You can find documentation for this module with the perldoc command.

    perldoc Marpa
    

You can also look for information at:

ACKNOWLEDGMENTS

Marpa is derived from the parser described in Aycock and Horspool 2002. I've made significant changes to it, which are documented separately (Marpa::Doc::Algorithm). Aycock and Horspool, for their part, built on the algorithm discovered by Jay Earley.

I'm grateful to Randal Schwartz for his encouragement over the years that I've been working on Marpa. My one conversation with Larry Wall about Marpa was brief and long ago, but his openness to the idea was a major encouragement, and his insights into how humans do programming, how they do languages, and how those two endeavors interconnect, a major influence. More recently, Allison Randal and Patrick Michaud have been generous with their very valuable time. They might have preferred that I volunteered as a Parrot cage-cleaner, but if so, they were too polite to say.

Many at perlmonks.org answered questions for me. I used answers from chromatic, Corion, dragonchild, jdporter, samtregar and Juerd, among others, in writing this module. I'm just as grateful to those whose answers I didn't use. My inquiries were made while I was thinking out the code and it wasn't always 100% clear what I was after.
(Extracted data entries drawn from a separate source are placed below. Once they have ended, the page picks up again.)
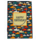 Sac cadeau motif simple mais doux en marine, turquoise, rouge, orange, jaune et gris.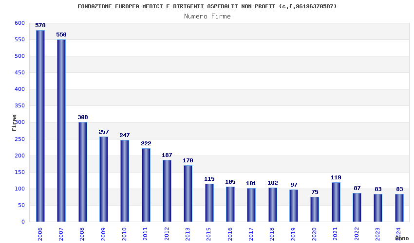 Anno Firme Importi Media Naz. Reg. Prov. Comu.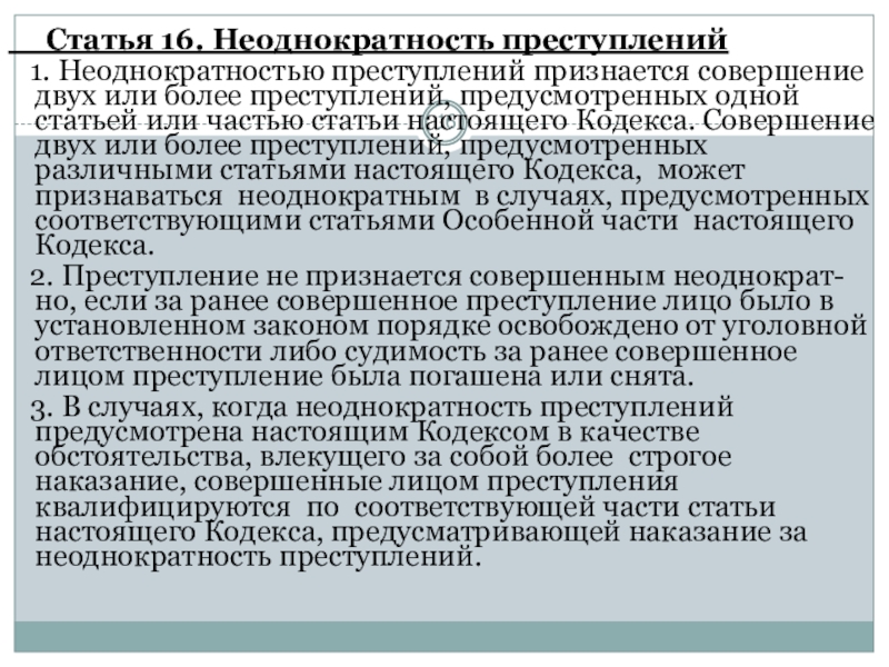 Слайд 16 Статья 16. Неоднократность преступлений

If the butt is moved after the round, it shouldn't count against the archer.

In writing the Pure Perl version of Marpa, I benefited from studying the work of Francois Desarmenien (Parse::Yapp), Damian Conway (Parse::RecDescent) and Graham Barr (Scalar::Util). Adam Kennedy patiently instructed me in module writing, both on the finer points and on issues about which I really should have know better.

LICENSE AND COPYRIGHT

Copyright 2007-2009 Jeffrey Kegler, all rights reserved.

This program is free software; you can redistribute it and/or modify it under the same terms as Perl 5.10.0.